_GIVEN INFORMATION:_
____

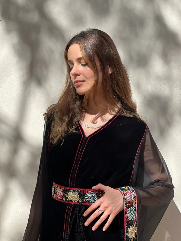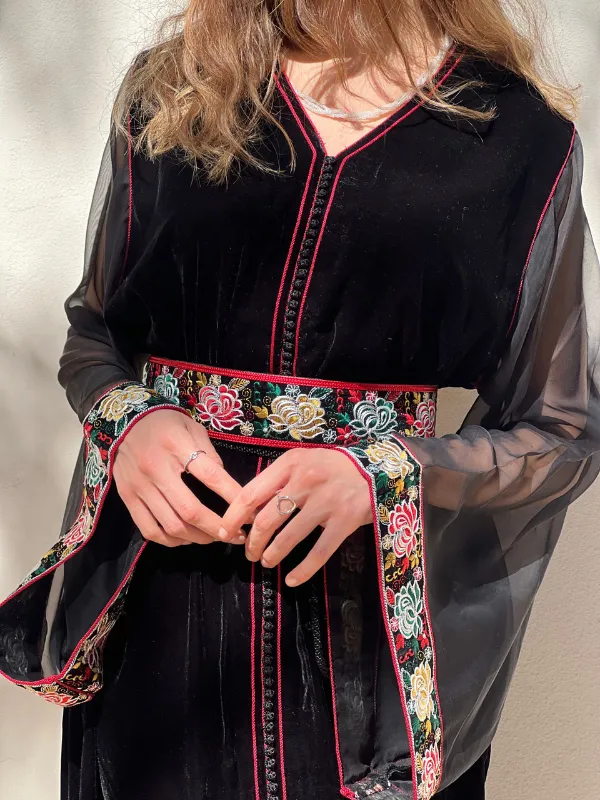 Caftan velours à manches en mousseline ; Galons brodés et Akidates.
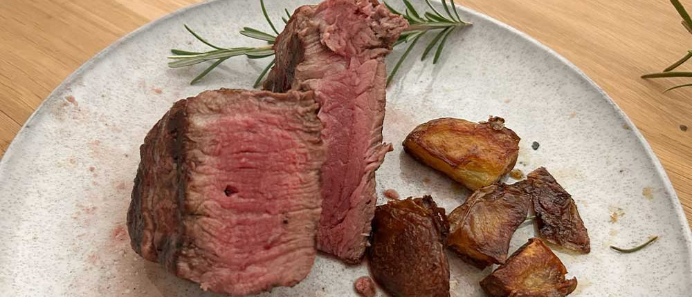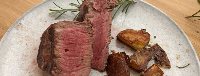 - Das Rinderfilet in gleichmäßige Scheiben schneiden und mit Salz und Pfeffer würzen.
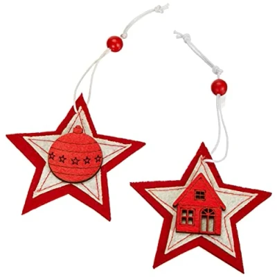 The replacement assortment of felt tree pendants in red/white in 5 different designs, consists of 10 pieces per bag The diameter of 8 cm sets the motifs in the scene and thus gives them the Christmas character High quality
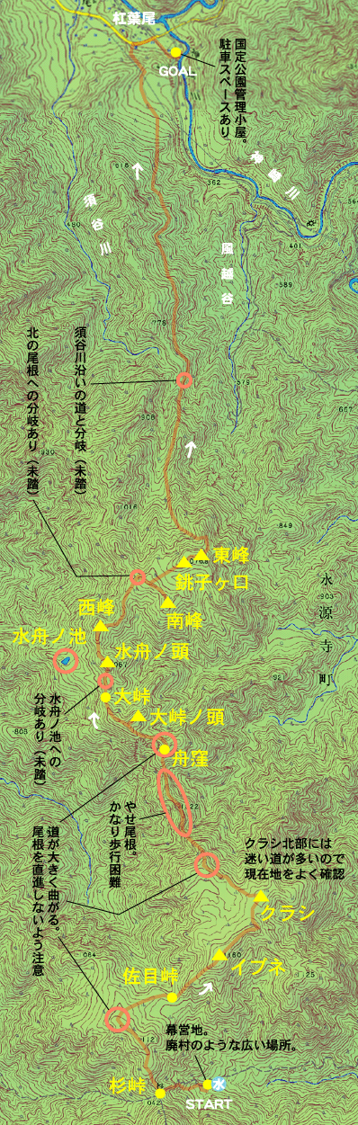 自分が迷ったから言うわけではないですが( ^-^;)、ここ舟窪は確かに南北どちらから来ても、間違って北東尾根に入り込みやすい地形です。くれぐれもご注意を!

____

_TASK BRIEF:_ Skip the pictures. Please copy exactly the lines from the one with "The replacement assortment" through the final line of the material above, both ends included.

_EXERCISE RESULT:_
 The replacement assortment of felt tree pendants in red/white in 5 different designs, consists of 10 pieces per bag The diameter of 8 cm sets the motifs in the scene and thus gives them the Christmas character High quality
 自分が迷ったから言うわけではないですが( ^-^;)、ここ舟窪は確かに南北どちらから来ても、間違って北東尾根に入り込みやすい地形です。くれぐれもご注意を!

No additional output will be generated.